A single site mutation of isoleucine to valine at position 240 in the α1-subunit abolished action of salicylate on α1-glycine receptors expressed in HEK293T cells. (A) Aligned sequences showing that near the pore-forming region, the α1-subunit is different from the α2-/α3-subunit only in residues at positions 240 in TM1 and 254 in TM2. (B) Representative traces (left panel) and summary data (right panel) showing the effects of salicylate (1 and 10 mM) on the currents mediated by α1-glycine receptors of WT, by I240V α1-glycine receptors or by G254A α1-glycine receptors. Note that the mutation I240V, rather than the mutation G254A, abolished action of salicylate on α1-glycine receptors. * indicates P < 0.05 and ** indicates P < 0.01. (C) Representative traces (left panel) of the currents mediated by WT α1-glycine receptors and by I240V α1-glycine receptors.
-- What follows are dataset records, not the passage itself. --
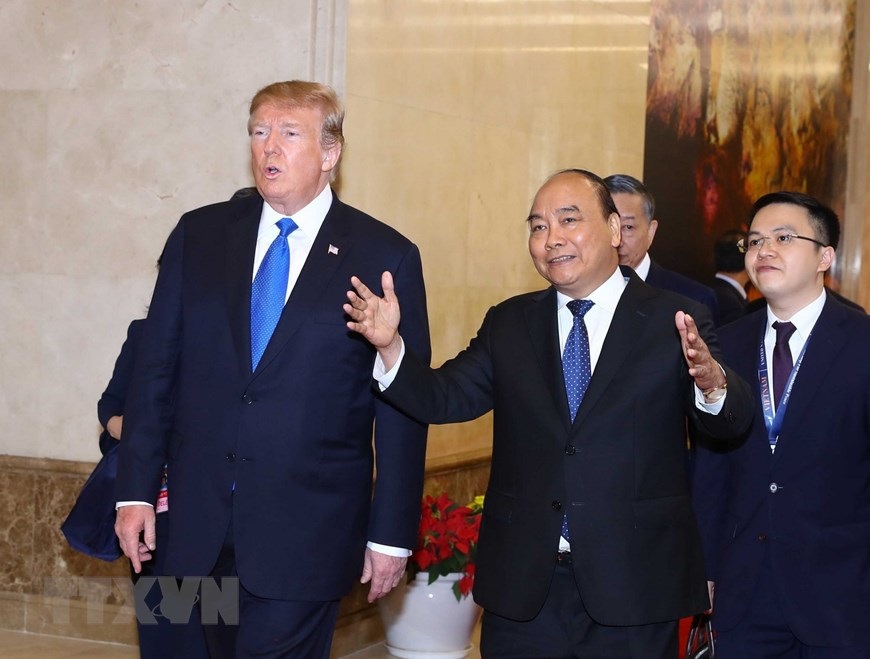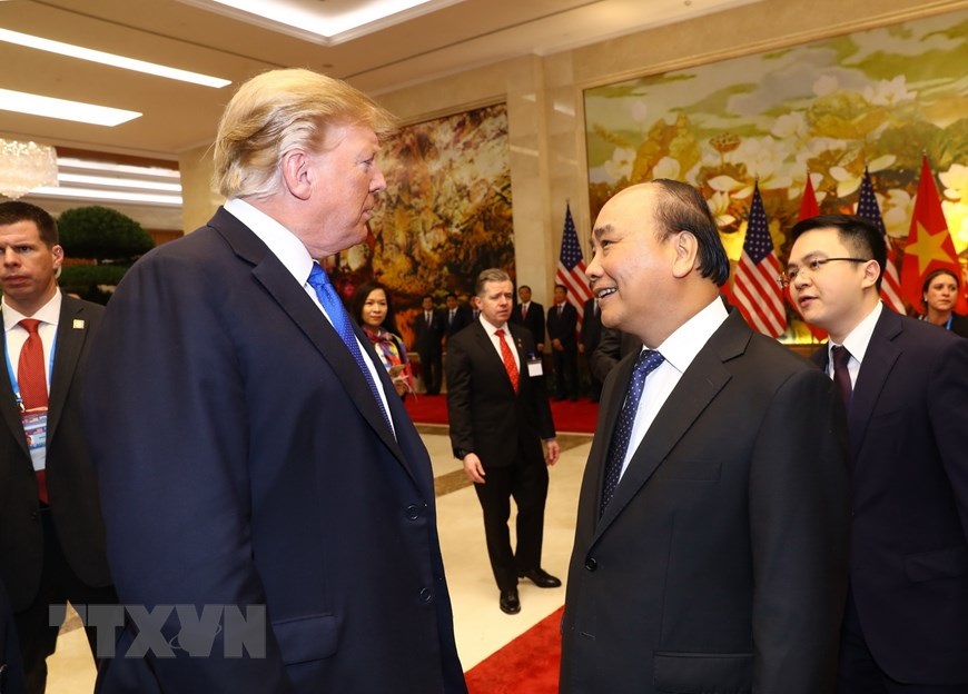 Hà Nội (TTXVN 27/2/2019) Sáng 27/2/2019, tại Trụ sở Chính phủ, Thủ tướng Nguyễn Xuân Phúc hội kiến Tổng thống Hoa Kỳ Donald Trump nhân dịp sang Việt Nam dự Hội nghị thượng đỉnh Hoa Kỳ-Triều Tiên lần thứ hai.
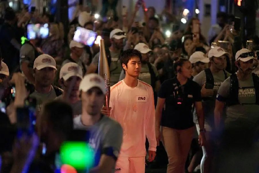 巴黎当地时间7月14日22时49分(北京时间15日4时49分),青年演员王一博正式参与巴黎奥运会火炬传递,现场吸引了大量中国游客和观众。
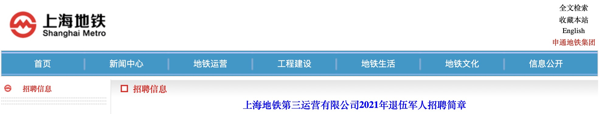 2021年上海地鐵第三運營有限公司退伍軍人招聘公告【55人】已發(fā)布,報名截止時間為:2021年10月18日,現(xiàn)將招聘公告原文發(fā)布如下:
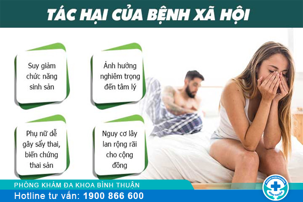 ✘ Gây vô sinh: Bệnh xã hội thường xảy ra trực tiếp và gây hại cho cơ quan sinh sản tiên nên nếu không thăm khám và điều trị sớm, cả nam và nữ giới đều có thể mất đi khả năng sinh con.
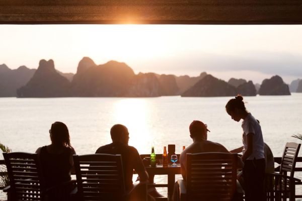 15h00: Return to cruise. Enjoying swimming at the untouched area. Then, you will join a traditional cooking class. Our chef will instruct you in the making of some Vietnam dishes. Watch the magnificent sunset over the Gulf of Tonkin. In the early evening the boat has its Happy Hour deal
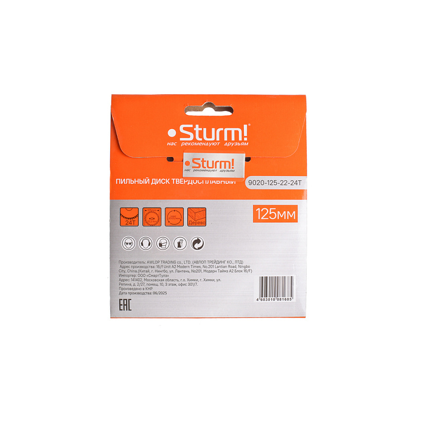 Пильный диск, размер 125x22x24 зуба, твердосплавные напайки Sturm!
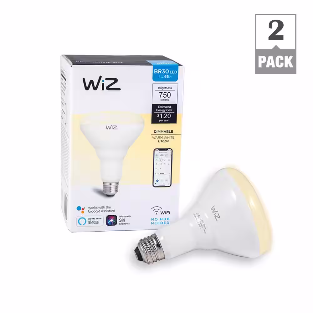 WiZ 72W Equivalent BR30 Dimmable White Wi-Fi Connected Smart LED Light Bulb, 2700K (2-Pack)
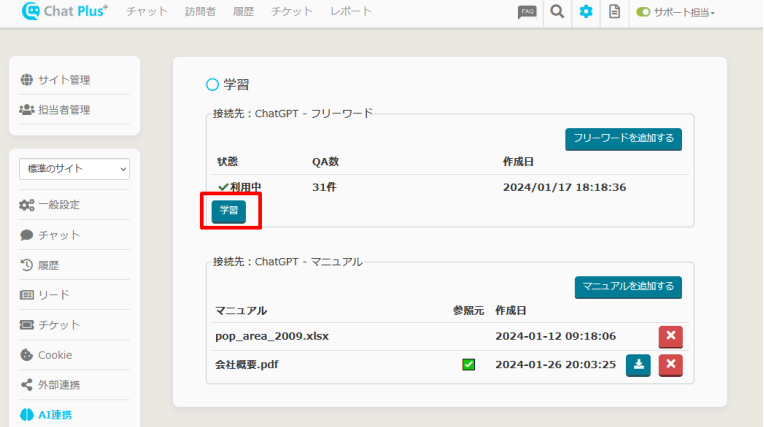 ChatGPT連携をする際、学習方法はフリーワードとマニュアルの2パターンあります。
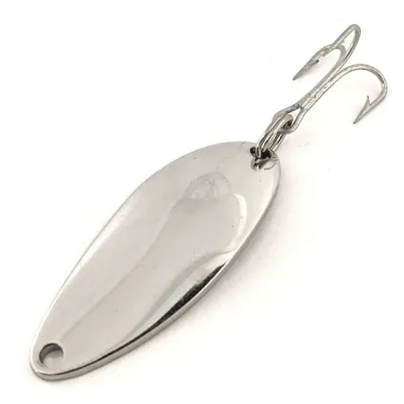 Ta niklowana wahadłówka, z wyraźnym napisem „DEVLE-DOG 5200 DETROIT USA” wybitym po wklęsłej stronie, stanowi klasyczny rozdział w historii produkcji firmy Eppinger. Przy długości 4 cm (1 1/2”) i wadze 7 g (1/4 oz), jej zwarty profil świetnie sprawdza się zarówno w spiningu, jak i trollingu. Polerowane, niklowane wykończenie zapewnia intensywne odblaski, co czyni ją skutecznym wyborem w czystej wodzie, gdzie doskonale imituje naturalny wygląd drobnicy. Egzemplarz o kodzie produktu 12822 jest uzbrojony w kotwiczkę zamocowaną na kółku łącznikowym, co podkreśla solidność i walory użytkowe wypracowane przez markę Eppinger w Detroit już od 1906 roku. Stan oceniono na 5/5 – metalowa powierzchnia jest czysta i nie nosi widocznych śladów zużycia. Sygnatura wskazuje, że przynęta pochodzi z okresu sprzed przeniesienia firmy do Dearborn w 1959 roku, co wiąże ją z wczesnymi sukcesami marki osiągniętymi dzięki autorskim matrycom.
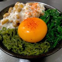 モロヘイヤとめかぶがのった納豆卵かけご飯
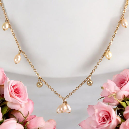 Pearls Rose Gold Plated Necklace
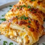 These Cheesy Chicken Crescent Rolls are a delicious and easy-to-make appetizer or snack featuring tender shredded chicken combined with cream cheese, cheddar, and aromatic herbs, all wrapped in buttery crescent dough and baked to golden perfection.
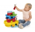 Tem formato de castelo e ainda é um super tobogã. São quatro andares para as bolinhas deslizarem. E vem com bandeiras para identificar o reino que é inteiramente desmontável! São 10 peças para desmontar, montar e formar o castelo.
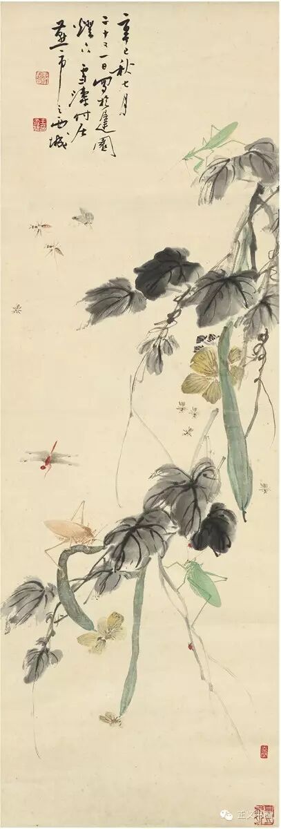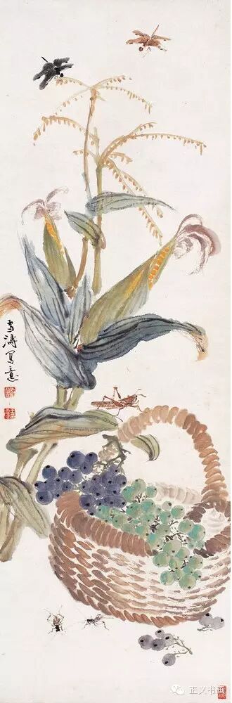 从总的方面讲,中国绘画传统是注重写意的,如同京剧艺术一样。不拘于机械的再现对象,更要把握对象的精神气质,着意于创造意境以感染观者。清末广东居窠、居廉的草虫有写生功夫,但缺少内在的精神,形同标本,也就失却了感人的意境。
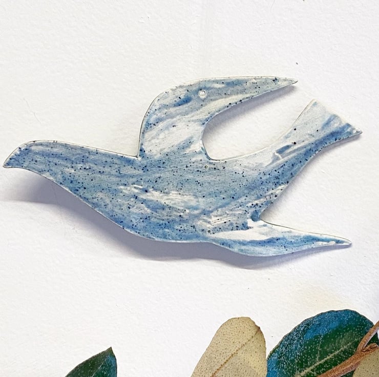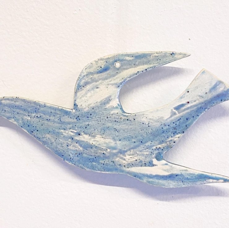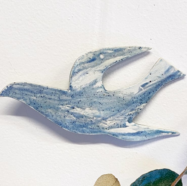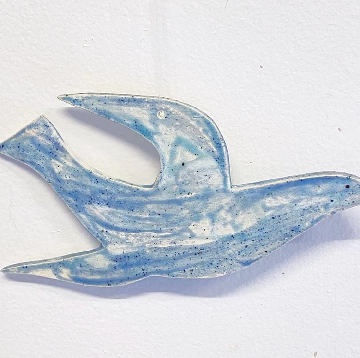 Hand made ceramic hanging bird, painted by hand with glazes inspired by the Norfolk countryside and coast. This bird is 12cm wide; it has a thickness of around 4mm.
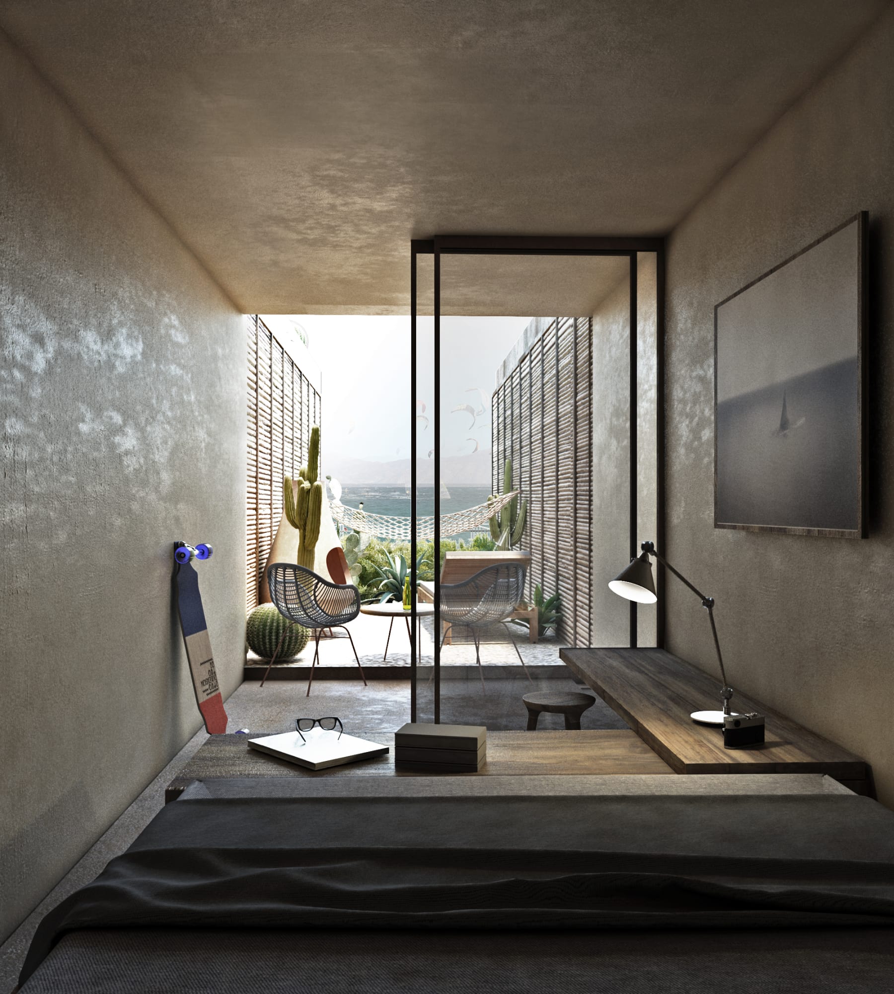 那么出于自身利益的考慮,以及為了能夠減少人類對地球造成的負面影響,我們決定對這些集裝箱進行改造,使其與環(huán)境相融合,充分適應(yīng)場地上的極端溫度條件。具體的操作手法則參照了下加利福尼亞州的傳統(tǒng)建造技藝。
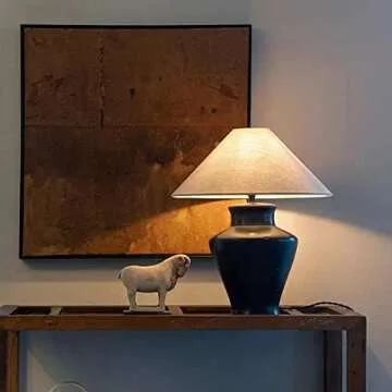 PURESILKS Modern LED Table lamp, Black Ceramic lamp Body and lamp Shades for Table, Lamps, 21.25" Including The Bedside lamp of The Bulb, Table lamp for Bedroom, Living Room, Study Room
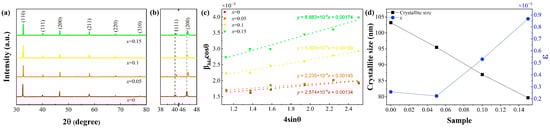 (a) XRD patterns of (1 − x)BNTNb-xSBTA ceramics with different compositions, (b) Magnified views of the (111) and (200) characteristic peaks, (c) Williamson-Hall plots of βcosθ versus 4sinθ for (1 − x)BNTNb-xSBTA ceramics with varying SBTA content (x = 0, 0.05, 0.1, 0.15), (d) Compositional dependence of crystallite size (black squares, left axis) and lattice microstrain (blue circles, right axis) extracted from Williamson-Hall analysis for (1 − x)BNTNb-xSBTA ceramics.
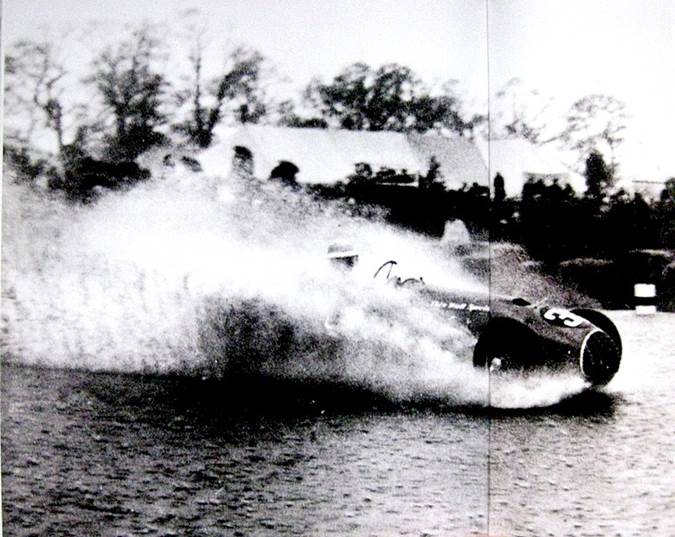 En la Aintree 200 1954, el Ferrari 500 2,5 l nº 3 no hace demasiadas tonterías sobre la lámina de agua gracias al temple de los puños y del pie derecho de Reg. Como dice Rudolf Caracciola, “Cuando se corre por un camino resbaladizo hay que estar siempre atento a las reacciones del automóvil, que sobre el pavimento se comporta como un caballo indómito. Es preciso saber lo que quiere hacer antes de que lo haga, y gobernarlo con movimientos suaves y calmosos. No tan sólo las manos, sino todo el cuerpo, se identifican con el automóvil y contribuyen a dominarlo.”
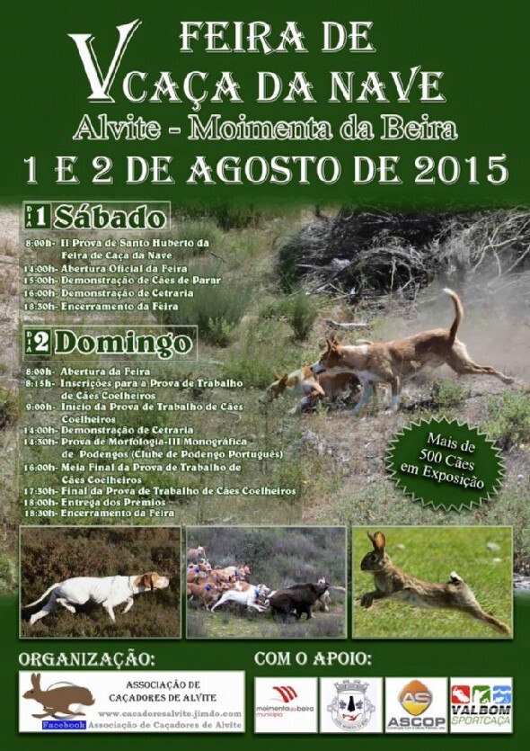 A V Feira de Caça da Nave, em Alvite, Moimenta da Beira, vai realizar-se no fim-de-semana de 1 e2 de Agosto. É organizada pela Associação de Caçadores de Alvite e conta com o apoio da Junta de Freguesia local e da Câmara Municipal.
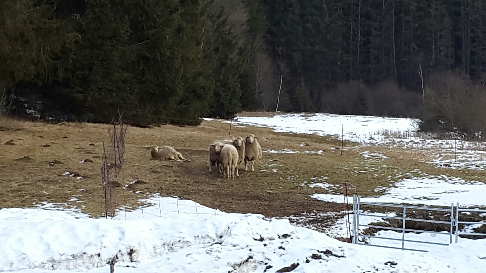 Wir haben uns entschieden, sowenig wie möglich in das Leben der Schafe einzugreifen und es damit der Natur zu überlassen, ob ein Lamm es schafft und dann vom Mutterschaf angenommen wird oder nicht. Aber all das fällt nicht leicht. Nummer 1 liegt jetzt im Wald und dient in der für die Raubtiere der Wildnis schwierigen Zeit des ausgehenden Winters als Überlebenshilfe.

Summary data (right panel) for the concentration–response relationships of the currents mediated by WT ?α1-glycine receptors and by I240V α1-glycine receptors. Data are normalized to the maximal response. Note that the EC₅₀ values for mutant I240V α1-glycine receptors and for WT α1-glycine receptors were not significantly different (34.3 ± 5.5 µM vs. 30.0 ± 5.3 µM) (P > 0.05, one-way anova). Sample sizes are indicated in parentheses. TM1, first transmembrane segment; TM2, second transmembrane segment; WT, wild type.

Figure 7

A single site mutation of V247I in the α2-glycine receptors and V240I in α3-glycine receptors made the receptor become sensitive to salicylate. (A) Representative traces (left panel) and summary data (right panel) showing the effects of salicylate (1 and 10 mM) on the currents mediated by wild-type (WT) α2-glycine receptors and V247I α2-glycine receptors. (B) Representative traces (left panel) and summary data (right panel) showing the effects of salicylate (1 and 10 mM) on the currents mediated by WT α3-glycine receptors and V240I α3-glycine receptors. The current is induced by 100 µM glycine and normalized to the response in the absence of salicylate (dashed lines). Sample sizes are indicated in parentheses. Vertical bars represent SEM. ** indicates P < 0.01 and *** indicates P < 0.001.